**The problem:** The line holding "Для размещения подготовлены" is the last one to output; start at the first line of the data, keep every line in between exactly, and leave out pictures.

**Data block:**

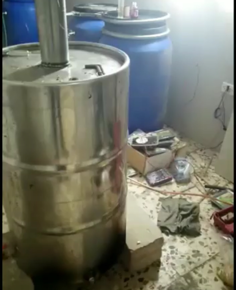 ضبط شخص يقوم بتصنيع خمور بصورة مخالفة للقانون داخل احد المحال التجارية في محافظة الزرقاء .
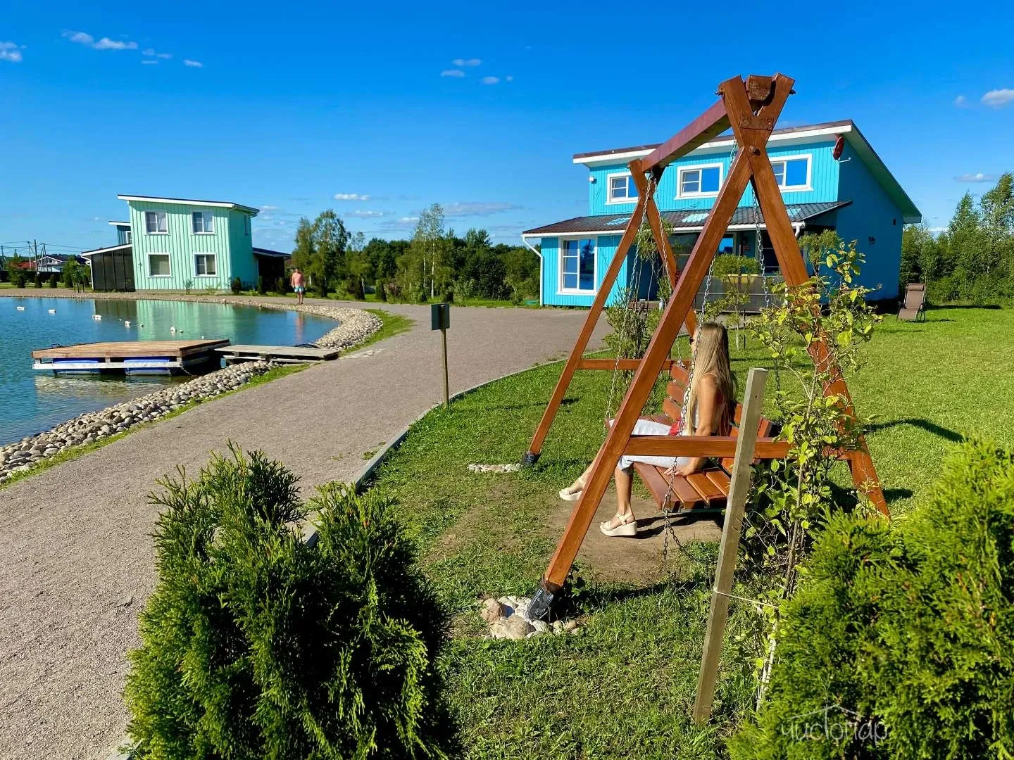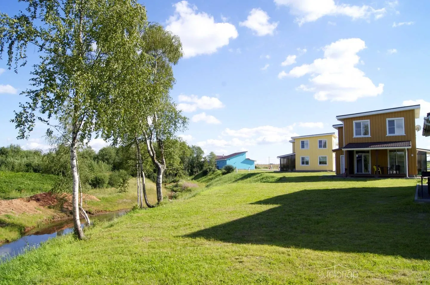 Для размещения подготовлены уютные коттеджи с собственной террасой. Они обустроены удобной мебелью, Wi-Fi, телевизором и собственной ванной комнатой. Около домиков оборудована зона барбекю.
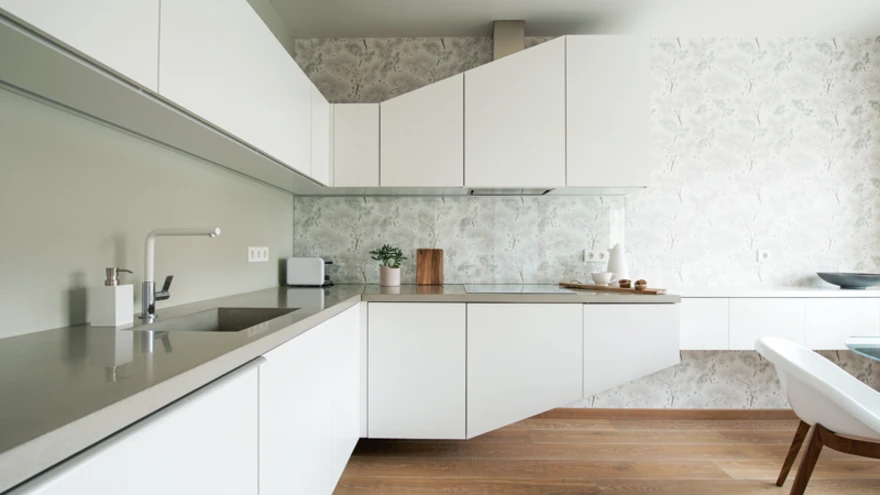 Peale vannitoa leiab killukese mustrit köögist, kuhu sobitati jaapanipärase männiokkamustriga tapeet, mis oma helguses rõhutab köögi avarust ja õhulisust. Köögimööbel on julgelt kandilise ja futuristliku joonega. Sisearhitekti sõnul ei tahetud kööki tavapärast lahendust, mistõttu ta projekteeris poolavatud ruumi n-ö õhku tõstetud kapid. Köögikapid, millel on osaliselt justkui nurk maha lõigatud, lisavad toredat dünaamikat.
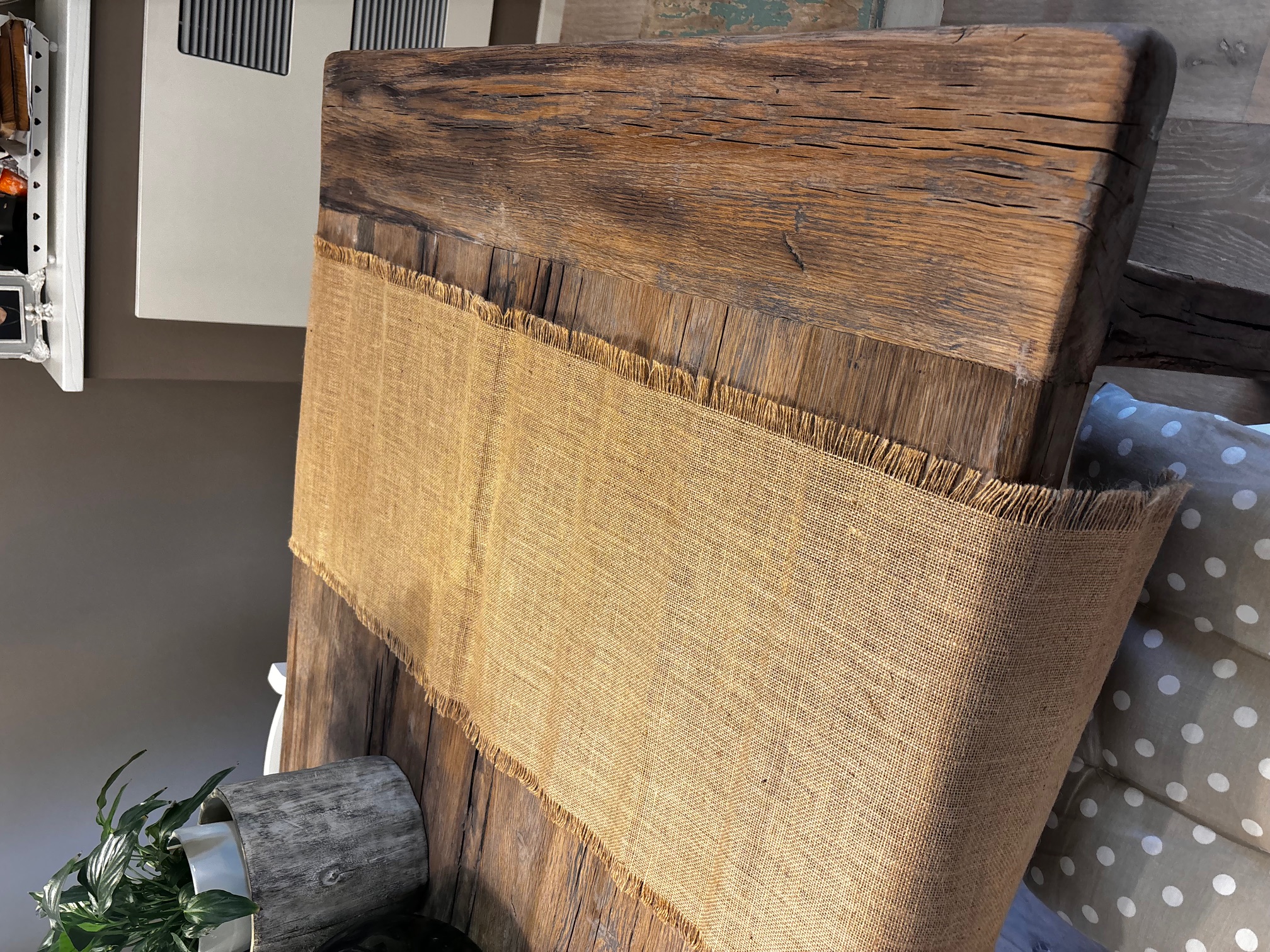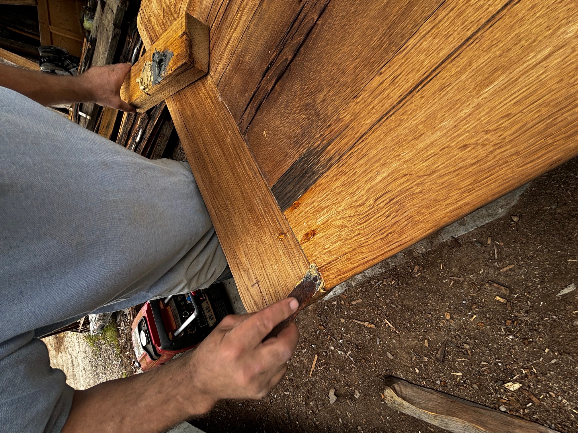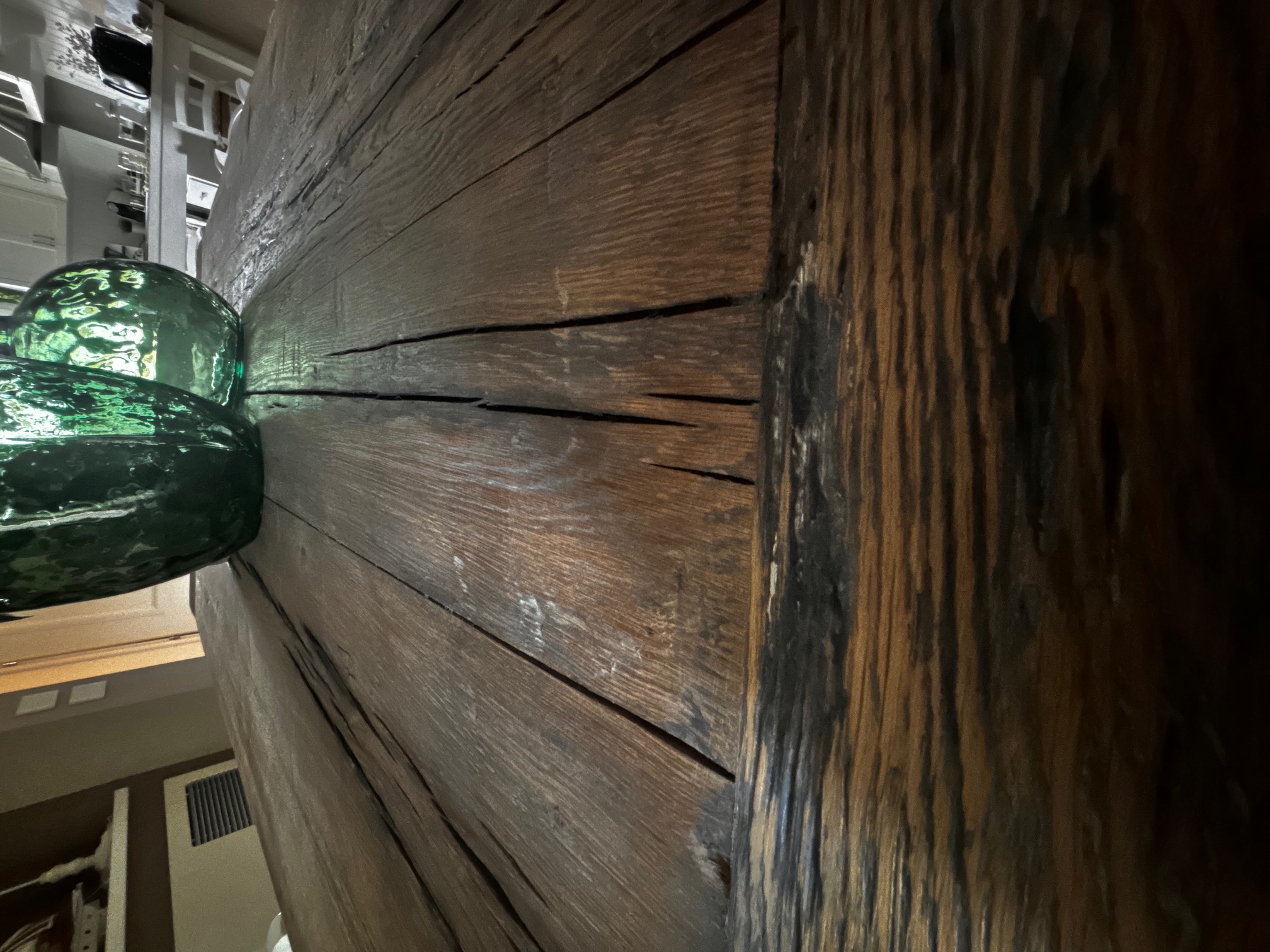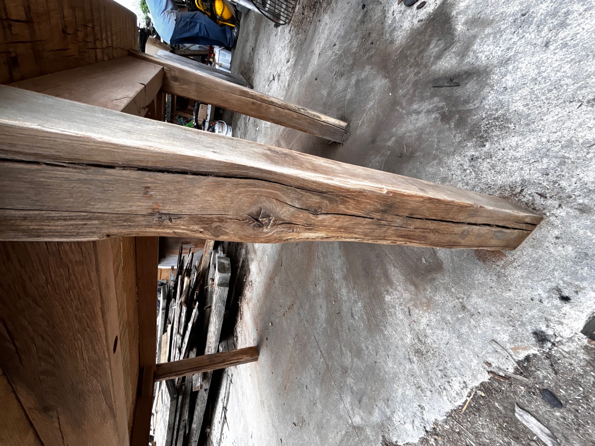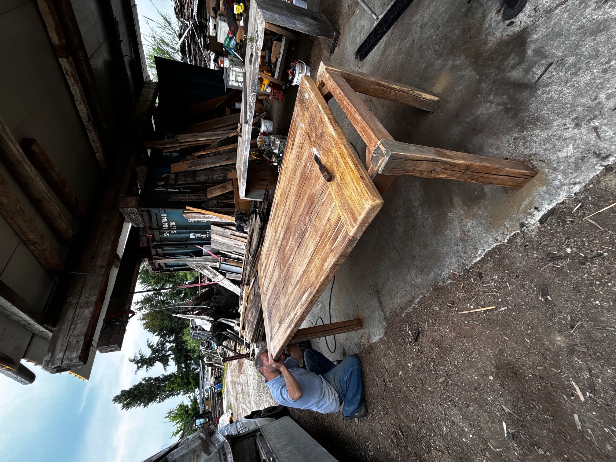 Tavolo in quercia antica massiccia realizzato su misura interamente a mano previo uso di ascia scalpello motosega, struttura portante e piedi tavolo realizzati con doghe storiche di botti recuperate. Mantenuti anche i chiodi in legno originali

**Exercise response:**
 ضبط شخص يقوم بتصنيع خمور بصورة مخالفة للقانون داخل احد المحال التجارية في محافظة الزرقاء .
 Для размещения подготовлены уютные коттеджи с собственной террасой. Они обустроены удобной мебелью, Wi-Fi, телевизором и собственной ванной комнатой. Около домиков оборудована зона барбекю.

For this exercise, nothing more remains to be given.